Natto is among the few traders who deal with campaign material and representatives of all political parties are queuing up at their stores to stock up as campaign picks up for the coming Lok Sabha elections.
Campaign material like vinyl box posters, flex, paper posters, cut-outs, banners, flags, handbills, kites, caps and umbrellas printed with party symbols are the top draws among the parties and traders are finding it difficult to cope with the bulk orders, which they say, are still pouring in.
“For us all political parties are same. We as individuals may have our political beliefs, but when it comes to business, all are same for us. We charge the same for our products from every party or candidate who place orders,” said Natto.
Natto, who has been in this business for the last 15 years, has put up more printing machines in his press to deal with the growing pressure of orders. “Orders will increase after Holi. Campaign has been a bit low till now, but will pick up soon with the first phase of nominations,” he said.

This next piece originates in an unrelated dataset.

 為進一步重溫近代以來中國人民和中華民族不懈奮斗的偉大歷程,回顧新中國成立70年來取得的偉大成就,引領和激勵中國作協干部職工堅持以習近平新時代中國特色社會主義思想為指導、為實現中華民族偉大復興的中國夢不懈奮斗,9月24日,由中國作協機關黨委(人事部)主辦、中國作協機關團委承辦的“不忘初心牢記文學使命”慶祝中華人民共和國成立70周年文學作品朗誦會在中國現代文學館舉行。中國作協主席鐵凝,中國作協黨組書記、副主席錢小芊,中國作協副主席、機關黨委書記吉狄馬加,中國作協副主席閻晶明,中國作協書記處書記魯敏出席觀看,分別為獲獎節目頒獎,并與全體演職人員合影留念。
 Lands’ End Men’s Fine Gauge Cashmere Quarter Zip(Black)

Natto has already received orders from Darjeeling and Jalpaiguri districts, which will go to the polls on April 17, the first phase in West Bengal. Bikash Majhi, another trader at College Street who also deals with orders from other states, says it is customary for bigger parties of any particular state or region to place the biggest order.
“Orders have started coming in since the last week of February. Once Holi is over, we expect to receive more orders from the districts,” he said. “It is our family business for the past 25 years. Every time during elections whether its the Assembly, civic or Lok Sabha polls, we get orders from various political parties for flags, paper stickers and other campaign material,” said Naren Saha, another trader.

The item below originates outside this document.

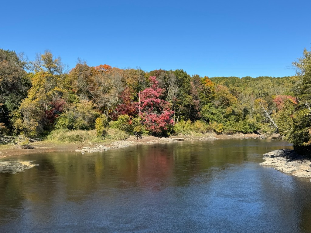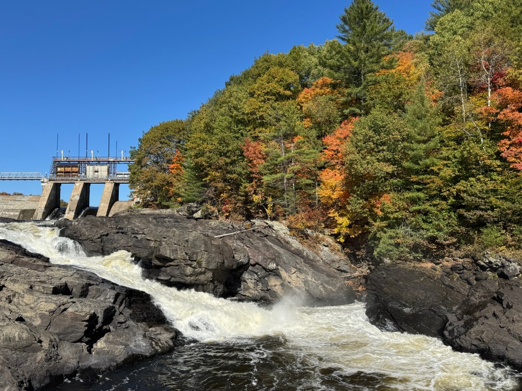 The colors are beautiful, the hike is easy, the views are spectacular. A dam built by the local beavers, the dam gushing water into the beautiful river, and let me repeat the fall colors!

Though Saha didn’t elaborate on his profit margin, he said prices of flags have gone up with the rise in prices of raw material. “During the last Assembly elections, we sold flags for about Rs 10. Now it is nearly Rs 20,” he said. But, Saha points out at the shortage of manpower during Lok Sabha polls to cope with the rush of orders.

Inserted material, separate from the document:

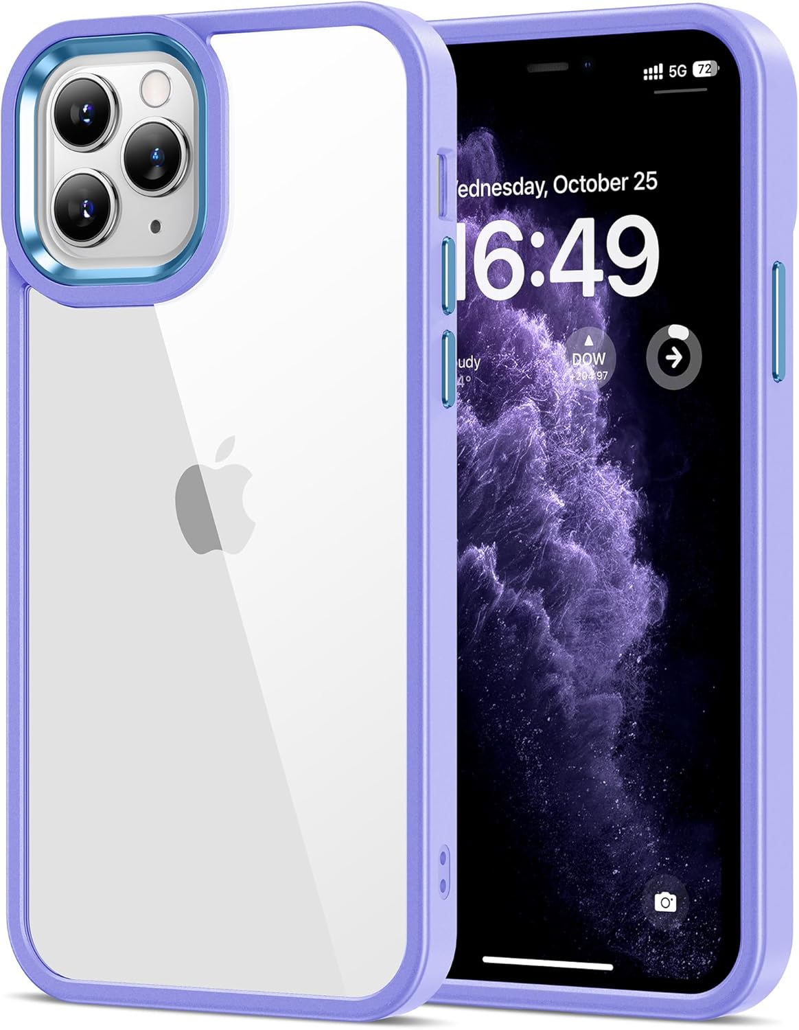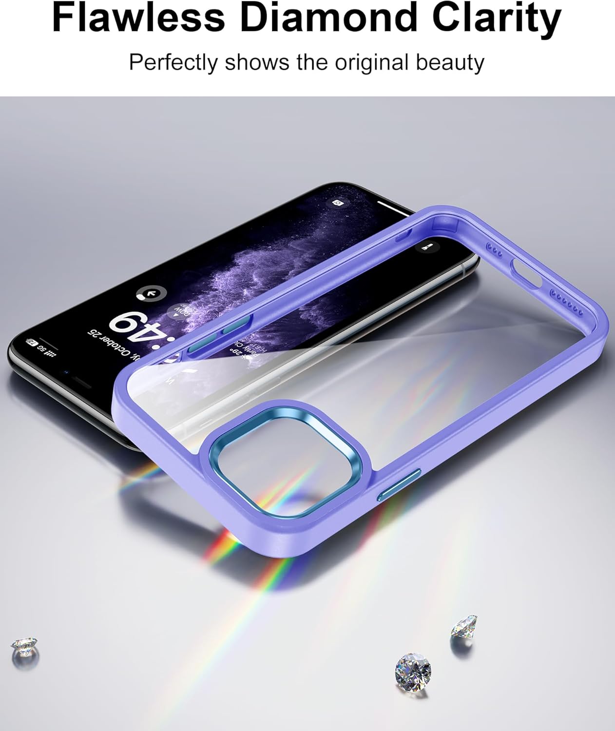 HOOMIL Кристално прозрачен калъф за iPhone 11 Pro Max, [Анти жълт] [Военен удароустойчив] Прозрачен защитен калъф за гръб - светло лилав

“Most of the manpower comes from Bihar and Jharkhand. During Assembly or other elections, we don’t face shortage. But, during the Lok Sabha elections, this is a perennial problem as artists get engaged in their hometowns with their own states also going to the polls,” he said.
The age-old traders of campaign materials are also facing competition from new technology in their business.
“Earlier it was all handmade stuff and use of printing machines, so the cost was more. But with new technology, many small shops have sprung up who use DTP and other methods to print more material at cheaper rates, eating into our pie,” says Majhi.
The story is nearly similar for those dealing with mikes and sound systems. With the ongoing board exams and the restrictions on use of loudspeakers during campaigns, their business has taken a beating.
“Once the exams are over we will receive orders for loudspeakers and mikes,” an upbeat Ranjan Das of Das Sound.